*** Opening of RAW DATA ***

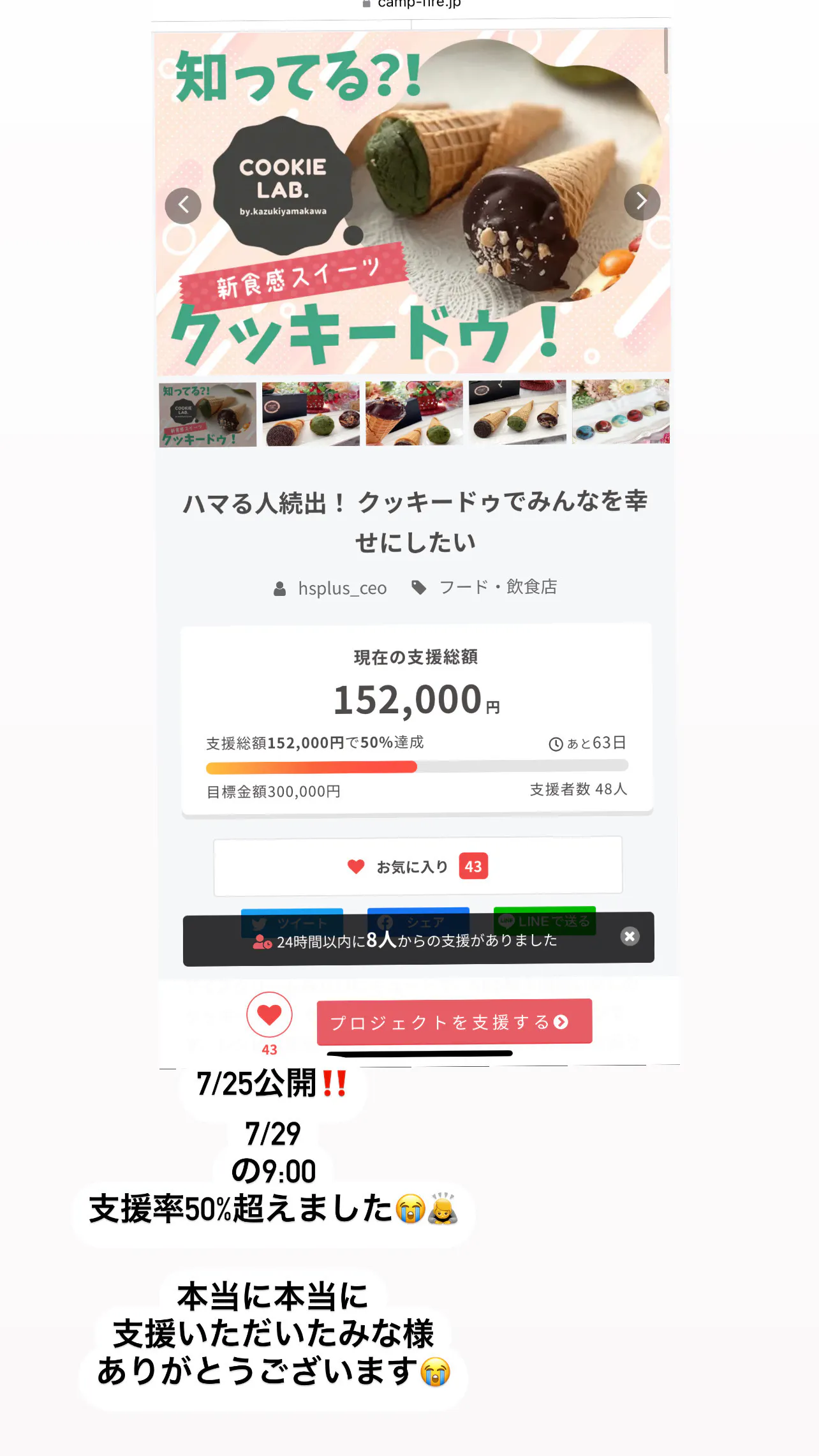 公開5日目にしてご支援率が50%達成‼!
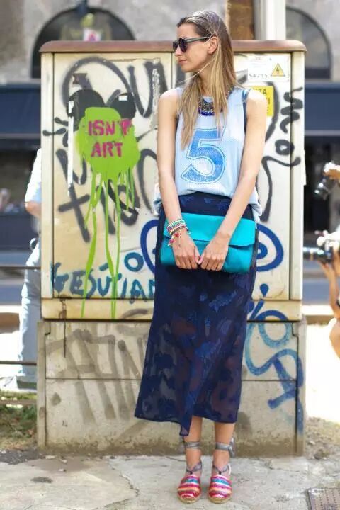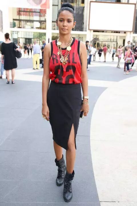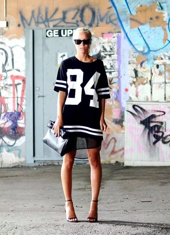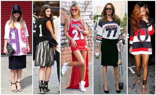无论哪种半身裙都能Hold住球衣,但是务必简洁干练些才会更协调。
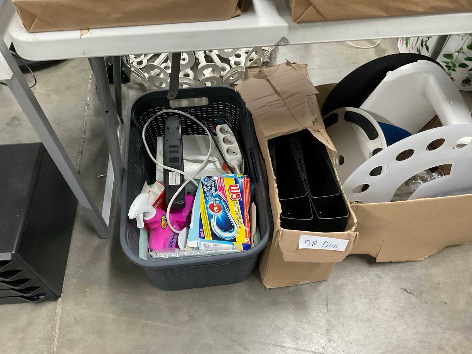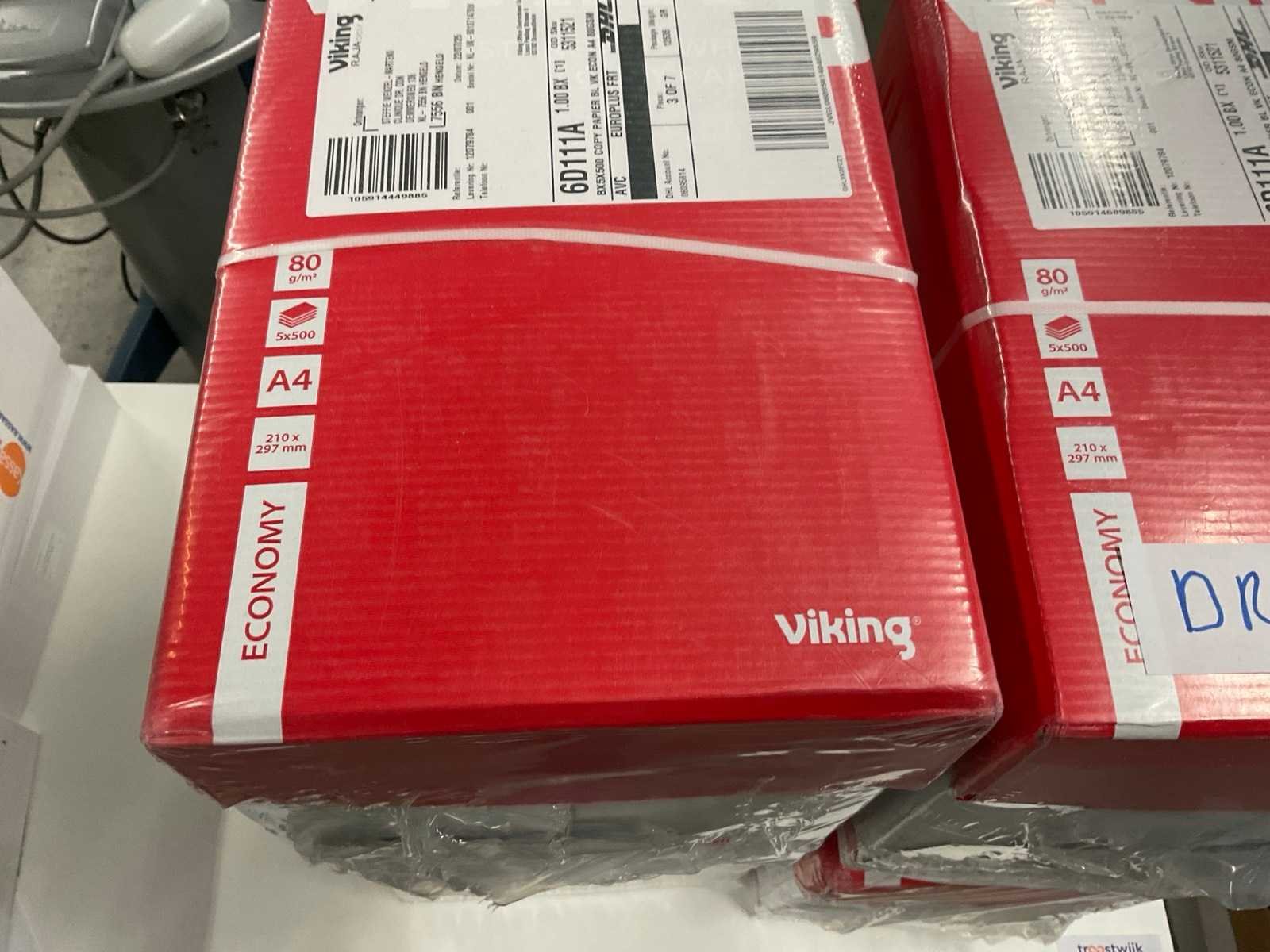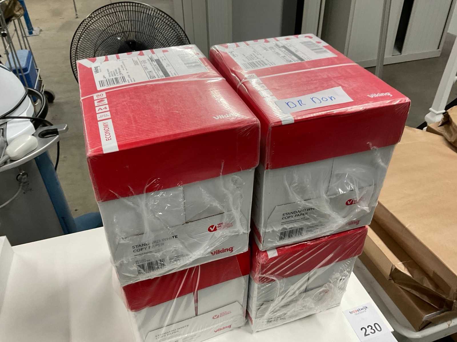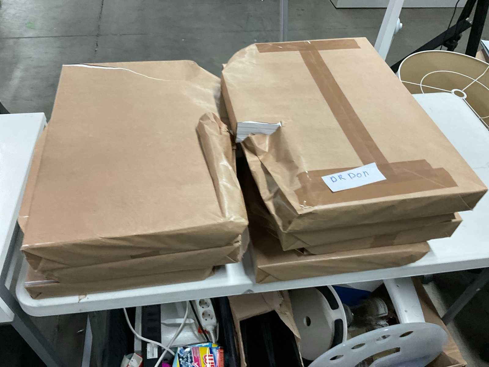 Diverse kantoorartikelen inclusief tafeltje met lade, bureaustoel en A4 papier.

*** Close of RAW DATA ***

§ **TASK**: Your copy should match the data above exactly, apart from the pictures.

§ **WRITTEN SOLUTION**:
 公開5日目にしてご支援率が50%達成‼!
无论哪种半身裙都能Hold住球衣,但是务必简洁干练些才会更协调。
 Diverse kantoorartikelen inclusief tafeltje met lade, bureaustoel en A4 papier.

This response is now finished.